Monday, January 10, 2005
-- Mahatma Gandhi
(I would suggest that the senate keep those words in mind when they confirm Torture-fetishist Gonzales as attorney general, but I doubt many senators have ever seen the quote, much less let its import sink in.)
Sunday, January 09, 2005
This is just a small blip on the radar, given what the Bush administration is capable of, but I think it's important nonetheless for several reasons:
- the allegation comes from within the government itself, via the Government Accountability Office
- taxpayer funds were used to generate propaganda, which is prohibited by law
- and there is a telling quote from the office that created the propaganda, saying that the GAO was creating "a mountain out of a molehill" and that they had not, in fact, broken any laws at all
Do you follow that?
So much of what the Bush adminstration says is so much propaganda that it's easy to evoke scary parallels to Joseph Goebbels, another government official of old with an eye for news "packaging" (& similar disdain for the truth) and who would be right at home these days in the White House. He & Karl Rove would have lots to talk about ...
Friday, January 07, 2005
Attorney general nominee says protections of the Geneva Conventions do not apply to alleged terrorists.
Call me crazy, but here I was thinking that folks are supposed to be considered innocent until proved otherwise. If someone is alleged to have done something, it's just that: an allegation, as yet unproved in a court of law. I know that everyone is assuming that Gonzales will become Attorney General with little trouble, but how can this be? How can a man who holds such contempt for due process, a man who has shown himself so willing to bend the law in such perverted ways (torture anyone?), be even up for consideration, much less considered a done deal?

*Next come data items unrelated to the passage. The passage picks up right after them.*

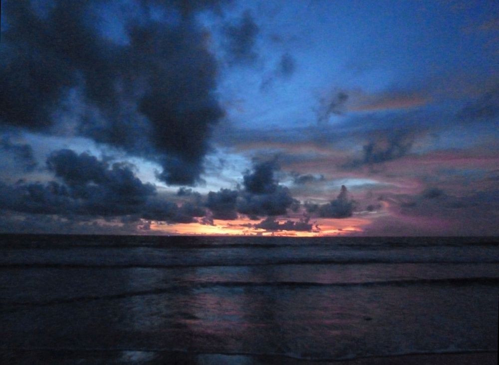 We found the little community where we were supposed to stay that night. We had found this listing on Air BnB and I’d been excited to see it ever since I had booked it. We had got a small house close to the sea. It had two levels with the living room and bathroom on the lower level, and the bedroom on the upper level. The best part about this place was that it was built in a typical Indonesian style but all the walls were glass! You could see the Bali sea from bed or from the little balcony. All around us were beautiful trees, and right below us was a little fish pond with gorgeous fish swimming around it.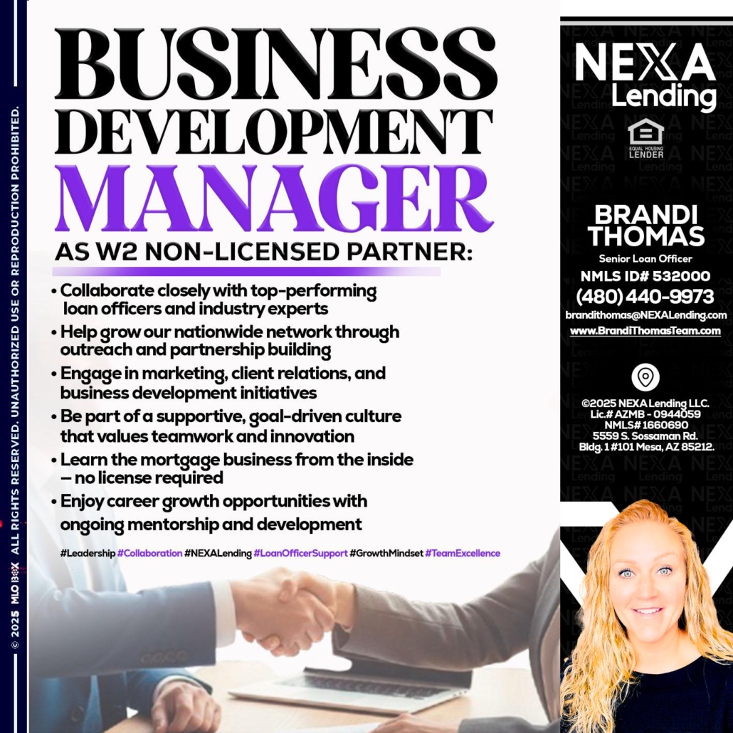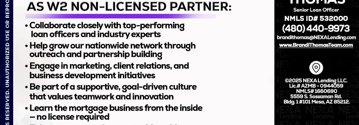 Hi, my name is Brandi Thomas Team. I’m a Loan Officer with NEXA Mortgage LLC., offering personalized mortgage solutions, fast customized quotes, great rates and service with integrity.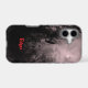 A custom iPhone case with red grunge type letters and a spooky Halloween sky with misty, dark trees along a spooky road, gothic ravens and a cloudy full moon with a red mist.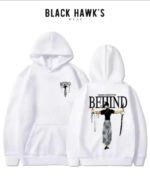 This beautiful hoodie makes a statement from every angle. The front features a minimalist “BEHIND” logo with a dangling character, while the back showcases a dramatic full-size illustration—chains, sword, and all—under the powerful message: “THERE IS ALWAYS SOMETHING BEHIND.”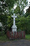 A temető bejárata előtt egy kis fakerítés mögött látható. Nagyon jó az állapota.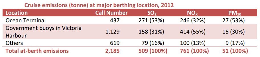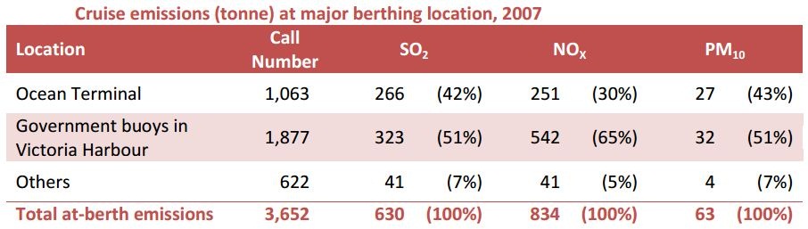 Consistent with Environmental Protection Department’s study on marine vessels emission inventory, close to 60% of cruise ship emissions were produced at berth, the major ones being Ocean Terminal and the government buoys in Victoria Harbour near Hung Hom and Kowloon Bay. Their combined emission of SO2 of 429 tonnes, for example, represents half of total cruise ship emissions in Hong Kong.

I'm becoming increasingly aware that I have no representation in the government. The elected officials who are supposed to represent me and my best interests -- the interests, as it were, of an ordinary, average American -- simply no longer exist.
Is this a nightmare I'll awaken from? Or was George Orwell only off by 20 years but right in every other aspect?
It's sickening. And there is no end in sight.
Tuesday, January 04, 2005
(Personally, I wonder about putting the bedrock of retirement for most Americans (the ones without trust funds) in the hands of someone expecting to be beamed up for the Rapture any day now.)
Monday, January 03, 2005
Here is an article about how the Bush administration is concerned about the chain of command in the event of the Rapture. After Bush, of course, Dick Cheney stands second in line to the presidency, but there are concerns about his health "especially after the shock of witnessing his boss disappear through the ceiling of the Oval Office."
But at least they're still bright enough to grasp that Dick is likely to be left behind, eh?
There aren't any words to adequately express how awful a disaster this is, and I'm not even going to try to find any.
But if you do have anything to spare & want to help, do so with wisdom: visit here.
And if you're interested in what the Religious Right is doing, in its infinite compassion, Working for Change has a survey of sorts.